The next function inputs the path where the CIFs are storaged. In the last notebook we split the COD into three groups refering to organic, inorganic and errors. This function will work exactly the same for organic or inorganic compounds.

In [3]:
def create_database(ruta: str):
    '''
    This functions generates a DataFrame with the CIF relevant information for the XRP simulation
    
    Args:
        ruta (str) : Es la ruta en la que se encuentran los archivos cif
        ruta: /home/bokhimi/COD/notebooks_de_preprocesamiento/vero_test/*.cif

    Return:
        df: es un dataframe que contiene la información de interes de cada archivo cif en ruta
        errors: List containing the paths of all the error files.
    '''

    addrs = glob.glob(ruta)
    cif = []
    sg_number = []
    sg_symbol = []
    comp = []
    par1 = []
    par2 = []
    site = []
    system = []
    errors = []
    # len(addrs)
    for i in tqdm(range( len(addrs) ), desc = 'Generating DF: ') :
        addr = addrs[i]
        try:
            analyzer = SpacegroupAnalyzer(mg.Structure.from_file(addr))
            number=analyzer.get_space_group_number()
            symbol=analyzer.get_space_group_symbol()
            cs = analyzer.get_crystal_system()
            wy = str(analyzer.get_symmetrized_structure()).split('\n')
            compound = wy[2].split(' ')[-1]
            abc = list(filter(lambda x: x != "", wy[3].split(' ')))[2:]
            angles = list(filter(lambda x: x != "", wy[4].split(' ')))[1:]
            sites = []
            for i in range(len(wy)-8):
                lista = list(filter(lambda x: x != "", wy[i+8].split(' ')))[1:]
                if lista[0].find(':')<0:
                    lista[0] = lista[0] + ':1'
                sites.append(lista)
            cif.append(addr.split('.')[0].split('/')[-1])
            sg_number.append(number)
            sg_symbol.append(symbol)
            system.append(cs)
            comp.append(compound)
            par1.append(abc)
            par2.append(angles)
            site.append(sites)
            
        except Exception as e:
            errors.append(addr)
            
        except UserWarning as uw: 
            pass 

    df = pd.DataFrame({'cif': cif, 'compound': comp,
                       'cs': system, 'sg_number': sg_number, 'sg_symbol': sg_symbol,
                       'abc': par1, 'angles': par2, 'sites': site})
    
    #df.drop_duplicates()
    return df, errors

In [7]:
df_raw, errors = create_database('/home/bokhimi/COD/notebooks_de_preprocesamiento/vero_test/*.cif') # Example

Generando DF:   0%|          | 0/1 [00:00<?, ?it/s]

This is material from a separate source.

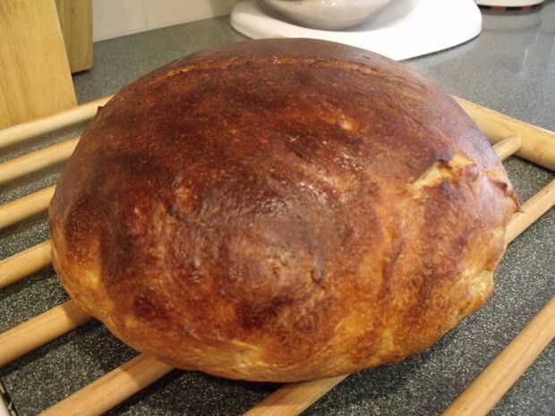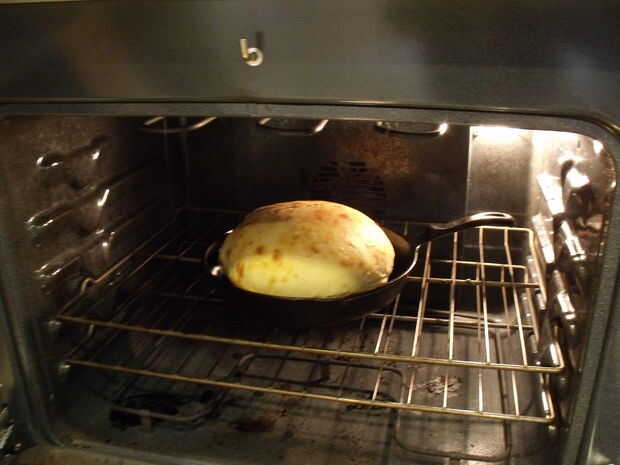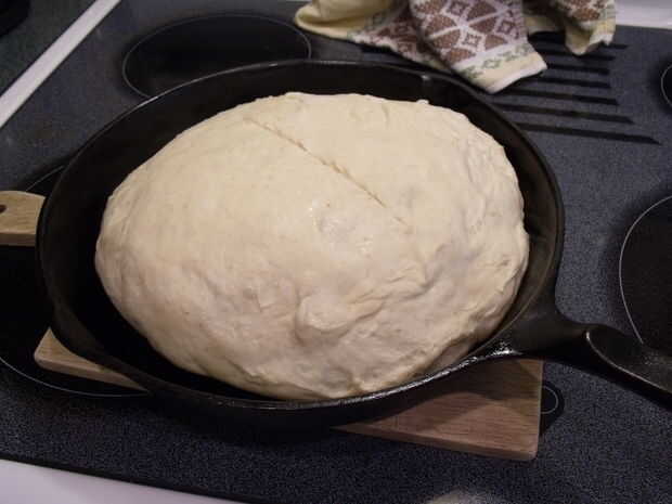 Precalentar el horno a 500 grados Fahrenheit con una bandeja vacía arrabio. Una vez precalentado poner la masa en la sartén caliente durante 15 minutos. Después de 15 minutos reducir la temperatura a 400 o 450 grados Fahrenheit y dejar durante 30 minutos.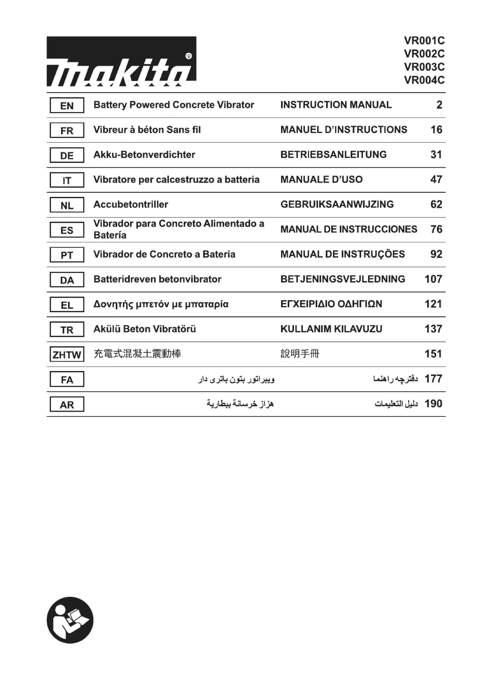 Téléchargez la notice de votre Plaque vibrante au format PDF gratuitement ! Retrouvez votre notice VR001C - MAKITA et reprennez votre appareil électronique en main. Sur cette page sont publiés tous les documents nécessaires à l'utilisation de votre appareil VR001C de la marque MAKITA.

_audit_creation_date   1989-05-23
_audit_creation_method   CSD-ConQuest-V1
_database_code_CSD   GEXGUL
_chemical_formula_sum   'C4 H12 N5 O3.5 S1'
_chemical_formula_moiety   'C4 H11 N5 O3 S1,0.5(H2 O1)'
_journal_coeditor_code   'IUCr BX0221'
_journal_coden_Cambridge   591
_journal_volume   44
_journal_year   1988
_journal_page_first   1452
_journal_name_full   'Acta Crystallogr.,Sect.C:Cryst.Struct.Commun.'
loop_
 _publ_author_name
  J.M.Amigo
  J.M.Martinez-Calatayud
  A.Cantarero
  T.Debaerdemaeker
_chemical_name_systematic   '1-(2-Sulfoethyl)biguanide hemihydrate'
_cell_volume   1844.671
_exptl_crystal_density_diffrn   1.505
_exptl_special_details
'Fw of 209.1 and dx of 1.505 are for the unsolvated complex'
_diffrn_ambient_temperature   ?
_diffrn_special_details
'The study was carried out at room temperature,in the range 283-303K'
_refine_ls_R_factor_gt   0.0553
_refine_ls_wR_factor_gt   0.0553
_symmetry_cell_setting   monoclinic
_symmetry_space_group_name_H-M   'C 2/c'
_symmetry_In

In this section we can visualize the first 5 elements of the DF: 

In [8]:
df_raw.head()

Unnamed: 0,cif,compound,cs,sg_number,sg_symbol,abc,angles,sites
0,search_Metformin,ZnH15C8N7Cl2O5,monoclinic,4,P2_1,"[6.213000, 17.514000, 7.173000]","[90.000000, 99.330000, 90.000000]","[[Zn:1, 0.29901, 0.19128, 0.49746, 2a], [H:1, ..."


In [9]:
df_raw.shape

(1, 8)

We also save the df containing the CIF indexes: 

In [10]:
cifs_raw = df_raw['cif']
cifs_raw = pd.DataFrame({
    'cif': cifs_raw
})

In [11]:
cifs_raw.shape

(1, 1)

Convert the DataFrames into parquet format: 

In [12]:
df_raw.to_parquet('/home/bokhimi/COD/database/dataframes/df_raw_test.parquet', index=False)

In [13]:
cifs_raw.to_parquet('/home/bokhimi/COD/database/dataframes/cifs_raw_test.parquet', index=False)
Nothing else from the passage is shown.